Una striscia quotidiana di riflessione

di Paolo Fileni

Il dilemma dei cameranesi doc

Dove andrà a finire il loro voto per le Regionali?


Camerano, 16 settembre 2020 – Mancano quattro giorni all’apertura dei seggi per votare sì o no al referendum confermativo del taglio dei parlamentari. Un election day per la verità, dal momento che qui nelle Marche si vota anche per eleggere il nuovo Presidente di Regione e, in tre Comuni nella provincia di Ancona, si vota anche per eleggere il nuovo Sindaco.

Qui a Camerano saranno due le schede che verranno consegnate agli elettori: quella per il referendum e quella per le regionali. E su quest’ultima mi vorrei soffermare. Non foss’altro, perché qui a Camerano a distanza di vent’anni c’è un cameranese doc candidato alla carica di consigliere regionale nelle fila di Fratelli d’Italia di Giorgia Meloni. Unico candidato in tutto il Comune. Si chiama Lorenzo Rabini (foto) e in paese lo conoscono praticamente tutti. Perché è stato – ed è –  consigliere comunale dal 2001 e consigliere provinciale dal 2007.

Una lunga militanza politica la sua, che nel 2000 lo aveva già portato ad una prima candidatura alla Regione: “Quello fu un modo per farmi conoscere territorialmente” dice lui a tal proposito.

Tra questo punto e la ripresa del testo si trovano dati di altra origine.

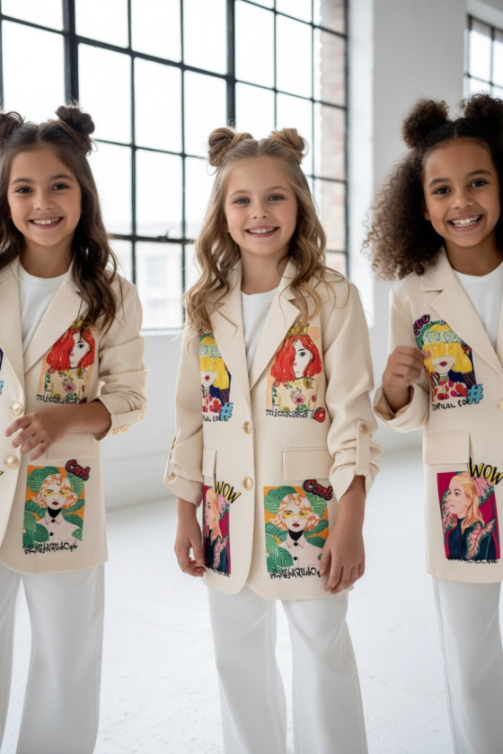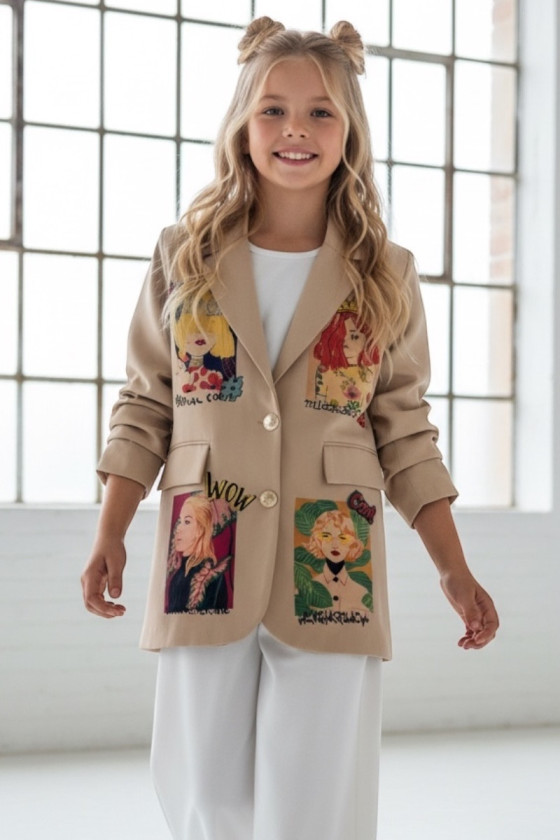 Sizes New Marynarka dla dziewczynki Wow caffe latte zł199.99 Price 134 140 146 152 158 164 see product

Ma è un’altra la riflessione che vorrei fare e la domanda che mi pongo. Una curiosità che senz’altro verrà appagata il 22 settembre a scrutini terminati. Quanti voti i cameranesi, dirotteranno su di lui? Camerano è un Comune che da decenni è governato dal PD, anche se il sindaco in carica me lo negò espressamente a precisa domanda anni fa. E se il PD sta lì da tempo, significa che di simpatizzanti in paese ne ha una buona manciata.

Cosa prevarrà negli animi di questi simpatizzanti, la bocciatura a prescindere verso un uomo di centrodestra, o la volontà e la necessità di avere in Regione uno che li rappresenti? Per giunta, uno di loro, un compaesano. Detta in un altro modo, quanto hanno colto, i cameranesi, della lunga esperienza politica accumulata negli anni da Rabini? Quanto potrà essere utile un compaesano in Regione per provare a cambiare le sorti e il futuro di un paese come Camerano che si sta spegnendo giorno dopo giorno? Sempre, ovviamente, che Rabini in Regione ci arrivi.

Personalmente, ho sempre pensato e pesato il mio voto badando più al candidato e al suo programma; cercando di valutare come si è mosso negli anni e quanto ha prodotto, come lo ha prodotto e verso chi, piuttosto che basarlo sul colore di una bandiera o di una chiesa. Eppoi, diciamocelo: tra avere un conoscente in Regione e non averlo, è sempre preferibile averlo: non si sa mai!

Staremo a vedere come la pensano e come si muoveranno i cameranesi. Se la vivranno come un’opportunità in più o: “chi se ne importa, tanto il paese è quello che è e non sarà certo un Rabini di turno a cambiare il suo destino”, come mi ha detto tempo fa un altro cameranese doc.